Exercise details: Retype every entry word for word. Omit the pictures.

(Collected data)

********************

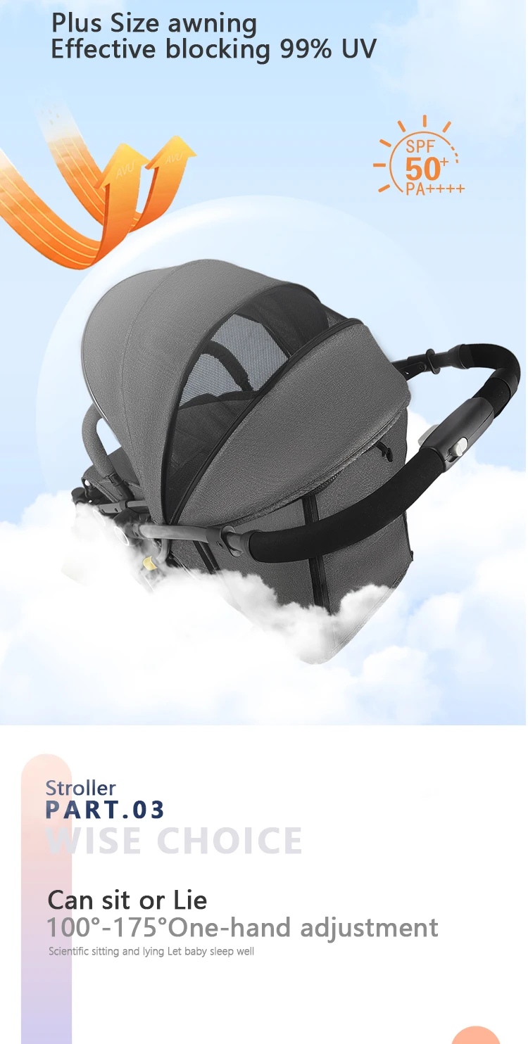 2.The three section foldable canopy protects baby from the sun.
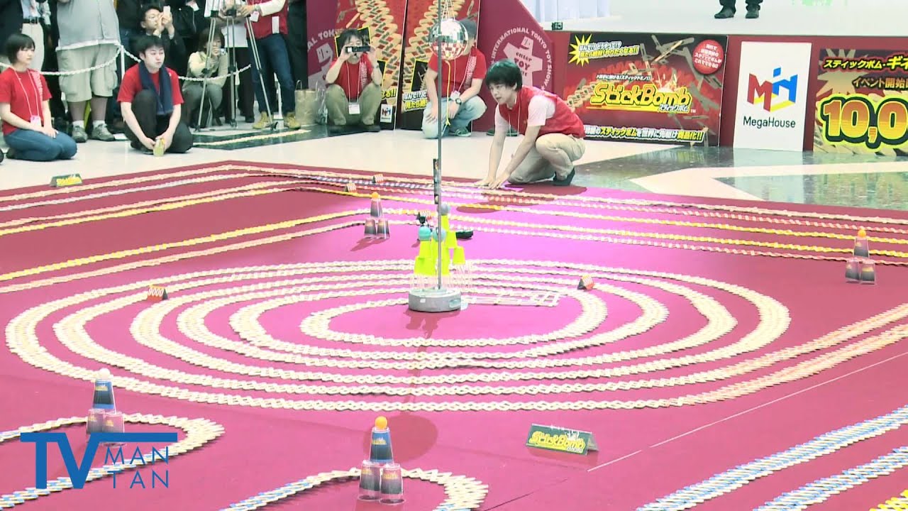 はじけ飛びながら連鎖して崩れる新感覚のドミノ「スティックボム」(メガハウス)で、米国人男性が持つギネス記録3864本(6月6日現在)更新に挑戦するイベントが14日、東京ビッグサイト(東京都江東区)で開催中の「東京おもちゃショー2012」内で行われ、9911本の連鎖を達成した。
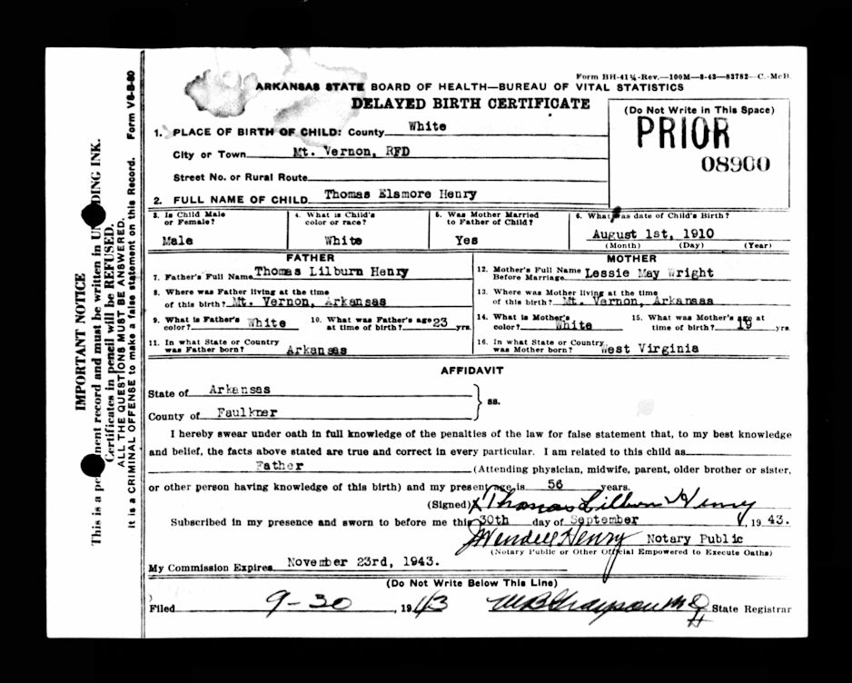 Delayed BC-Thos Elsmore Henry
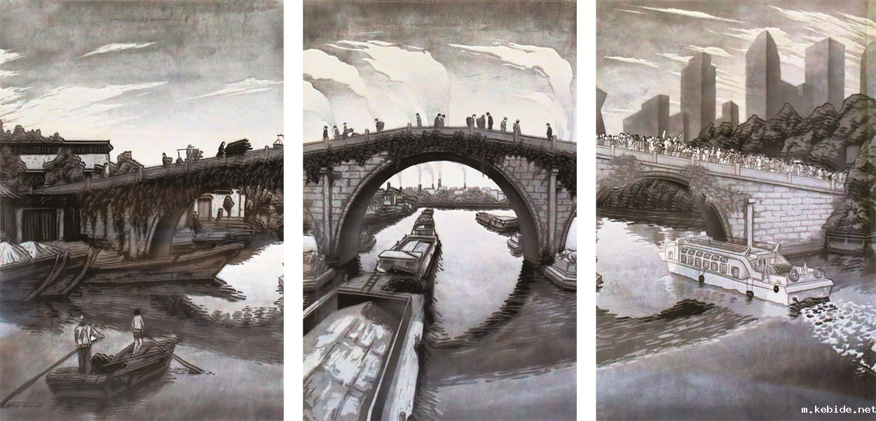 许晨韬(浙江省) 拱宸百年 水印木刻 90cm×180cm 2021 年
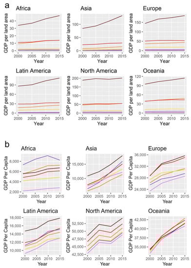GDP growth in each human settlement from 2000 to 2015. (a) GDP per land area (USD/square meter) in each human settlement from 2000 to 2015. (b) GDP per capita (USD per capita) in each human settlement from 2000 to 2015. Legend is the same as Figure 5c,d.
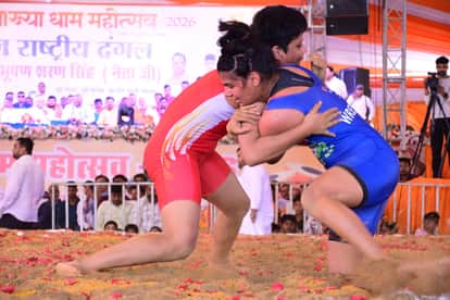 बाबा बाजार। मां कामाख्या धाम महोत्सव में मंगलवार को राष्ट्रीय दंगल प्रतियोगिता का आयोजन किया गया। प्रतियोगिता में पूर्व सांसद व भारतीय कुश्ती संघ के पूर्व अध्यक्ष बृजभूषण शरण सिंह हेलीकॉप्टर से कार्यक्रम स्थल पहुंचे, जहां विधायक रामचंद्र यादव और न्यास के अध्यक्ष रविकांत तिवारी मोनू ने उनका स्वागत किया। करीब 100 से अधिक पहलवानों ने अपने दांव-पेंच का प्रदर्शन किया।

********************

Response to this exercise:
 2.The three section foldable canopy protects baby from the sun.
 はじけ飛びながら連鎖して崩れる新感覚のドミノ「スティックボム」(メガハウス)で、米国人男性が持つギネス記録3864本(6月6日現在)更新に挑戦するイベントが14日、東京ビッグサイト(東京都江東区)で開催中の「東京おもちゃショー2012」内で行われ、9911本の連鎖を達成した。
 Delayed BC-Thos Elsmore Henry
 许晨韬(浙江省) 拱宸百年 水印木刻 90cm×180cm 2021 年
GDP growth in each human settlement from 2000 to 2015. (a) GDP per land area (USD/square meter) in each human settlement from 2000 to 2015. (b) GDP per capita (USD per capita) in each human settlement from 2000 to 2015. Legend is the same as Figure 5c,d.
 बाबा बाजार। मां कामाख्या धाम महोत्सव में मंगलवार को राष्ट्रीय दंगल प्रतियोगिता का आयोजन किया गया। प्रतियोगिता में पूर्व सांसद व भारतीय कुश्ती संघ के पूर्व अध्यक्ष बृजभूषण शरण सिंह हेलीकॉप्टर से कार्यक्रम स्थल पहुंचे, जहां विधायक रामचंद्र यादव और न्यास के अध्यक्ष रविकांत तिवारी मोनू ने उनका स्वागत किया। करीब 100 से अधिक पहलवानों ने अपने दांव-पेंच का प्रदर्शन किया।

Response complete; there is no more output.